McCrory said earlier this month during an N.C. Department of Commerce luncheon that lawmakers need to fund incentives “in a matter of weeks,” according to The (Raleigh) News & Observer.
Graham Wilson, spokesman for the N.C. Department of Commerce, said the economic incentives are a tool that many states are using and are a way for North Carolina to remain competitive.
The main incentives programs in the state are the Job Development Investment Grant program and OneNC Fund. Wilson said the former program, known as JDIG, has been very helpful, bringing in 35 companies and creating 15,227 new jobs from February 2013 to the end of 2014.

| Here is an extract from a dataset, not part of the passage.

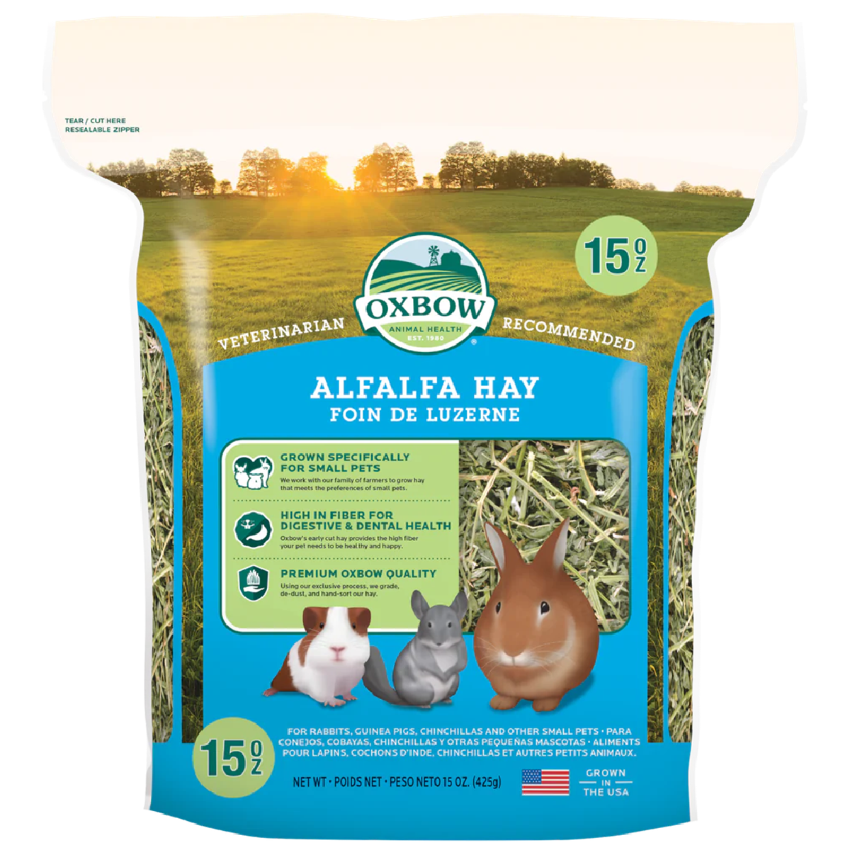 Oxbow Alfalfa Hay is a high fibre legume hay with the same long strand fibre found in grass hays, but with more protein, energy and calcium.

Raleigh resident Jeff Scribner, president of New York-based ASI Enterprises Inc., wrote a report advocating against incentives and said the programs are a waste of time.

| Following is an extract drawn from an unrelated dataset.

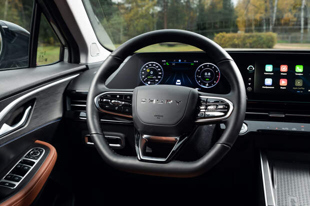 Спутать столь харизматичный автомобиль с другим сложно. А вот интерьер Omoda C5 самобытности лишён — здесь просто иначе расставлены все те же полочки, мониторы и сенсорные кнопки, что и у собратьев по платформе. Разве что архитектура передней панели (объединённые в едином блоке дисплеи и дефлектор климата во всю ширину) больше роднит Omoda со старшим Exeed; а материалы ближе к младшему Chery. В салоне использован довольно бюджетный пластик, а уголки дверей в районе стоек вообще забыли прикрыть накладкой — оттуда выглядывают сварные швы.

“If your business climate is good, companies will come to your state without you having to bribe them — they will just come. If you have a lousy business climate, you are going to have to bribe them to come,” he said.
To make the economy more attractive, he said the state should have less personal income and corporate taxes and better regulation. States like South Carolina have much lower taxes than North Carolina and are luring businesses away, he said.
He said North Carolina takes its biggest hit from the income tax.
Another aspect that businesses look at when deciding where to move is the state’s amenities, he added.